Noting the arrival of a ‘veritable tsunami of moral injury’, Dr Tipene-Hook views the condition and the psychological impact of the pandemic through the prism of racism.

Disadvantaged, susceptible populations (Māori, Pacifica, Aboriginal and Torres Strait Islanders) disproportionally bear the brunt of disease.

Consequently, the shortcomings in the healthcare system when health services are being rationed, delayed or denied due to a pandemic, fall most heavily on the Indigenous cohorts.

She has experienced this at a personal level, in the ‘overt, casual or unconscious racism from patients and colleagues’, as well as in observing the impacts on whānau (extended family) members, associates and friends. ‘Being witness to and a player within the racist system is morally injurious . . . and the risk for moral injury that existed pre-pandemic is now obviously more intensified and prevalent,’ she said.
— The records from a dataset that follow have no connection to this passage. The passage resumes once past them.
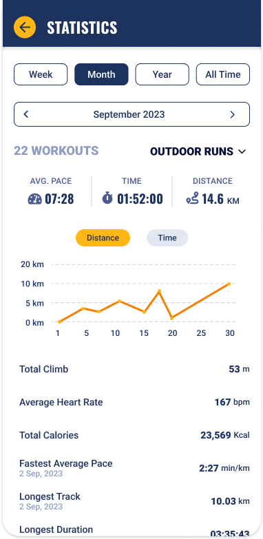 Track your progress; pace, splits, location, distance & elevation. Get insights on your performance and learn where you can perform better.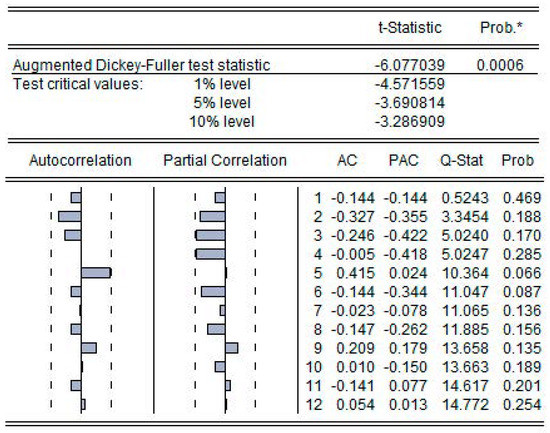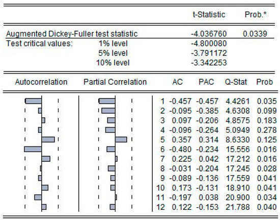 Figure 7 shows the results of first-order difference of this sequence. Two points of information can be drawn in this figure. First, the value of T-statistic is less than 1% test critical value, which is consistent with the inspection range. Second, the value of ‘P’ is 0.0006 < 0.01, which is also within the 1% confidence interval. The above two points prove that the sequence after the first order difference is stable, and that it satisfies the conditions of the next ARIMA model operation. That is, d = 1.
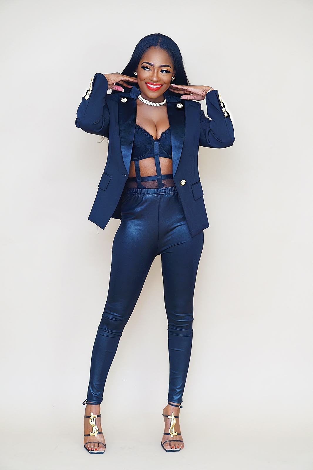 Pieces like the ‘Boss AF Tuxedo Suit by Bridney Winfrey’ shows off the femininity of a woman by having shoulders and midriff out on the left, and a full tuxedo coverage on the right. The tuxedo can be glammed up and bossed up like Jessica Rich did for her reality show intro (tuxedo blazer, bodysuit, and heels).

In general, measures to identify, assess and treat cases of moral injury are hampered by a lack of precision in definition, its causes and its overlap with burnout and latent psychiatric illness— all three often share similar symptoms, including fatigue, depression, depersonalisation and suicidality. 10 Resilience training is not considered an effective treatment or preventative for moral injury—indeed resiliency training programs, although popular in health organisations and elsewhere, appear to lack any reliable level of efficacy for the improvement of mental health. 11

Suggestions for the prevention of moral injury include shorter working hours for residents and ethical guidelines promulgated by professional associations to support clinicians to refuse to comply with a direction that might entail moral injury. 12 Referring to the approach outlined in the Australian Commission on Safety and Quality in Health Care (ACSQHC) comprehensive care standard, Prof Leung has called for a collaboration by clinical heads and health administrators to achieve a ‘balance between fiscal accountability and maintaining safety and quality’ in health care.

Dr Tipene-Hook advocates more Indigenous representation in the College and the clinical workforce. And, mindful of pandemics beyond COVID-19, Dr Zhong hopes the College will continue to modernise its examination methods and policies to minimise the impacts of future public health crises.
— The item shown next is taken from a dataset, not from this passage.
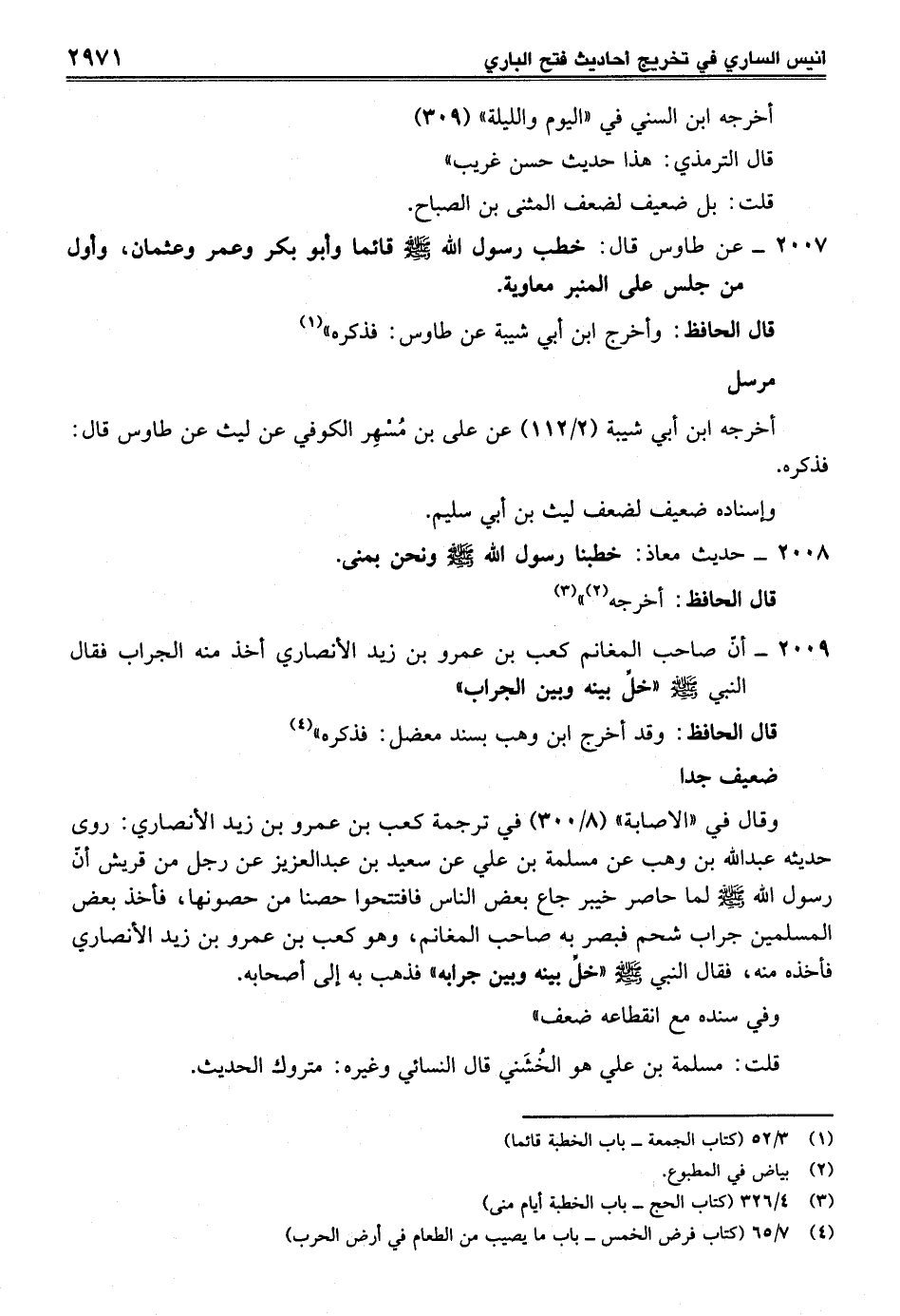 2007 - عن طاوس قال: خطب رسول الله - صلى الله عليه وسلم - قائما وأبو بكر وعمر وعثمان، وأول من جلس على المنبر معاوية.

Notwithstanding these suggestions, the responsibility for maintaining mental health returns eventually to the clinicians themselves, although not for each clinician alone in a private purgatory. To this end, psychologists have put forward a raft of first-aid measures for mending moral wounds incurred in the pandemic. 13 Unsurprisingly, they depend heavily on collegiality, showing respect for each other's work, staying connected even in disagreement, and remaining united in common professional purpose. It is too easy for a sense of common purpose to falter and fall under the wheel of careworn criticism of decisions or policies that rankle or frustrate. The recommended measures include the acknowledgement of stress and pressure at all levels in the workplace, ‘leaning’ on colleagues and talking about your ethical concerns. Williams et al. highlight the value of building ‘routines that emphasize mutual understanding of each other's struggles and contributions’. And, finally, they advise health workers to find ways to connect emphatically with patients—to remind yourselves, even in the midst of a crisis, why you are doing this job, and in helping others, to kindle some self kindness.

Brett Wright BA (Hons.) PhD is an independent historian with research interests in science, technology and medicine. He is currently writing a history of Bendigo Hospital.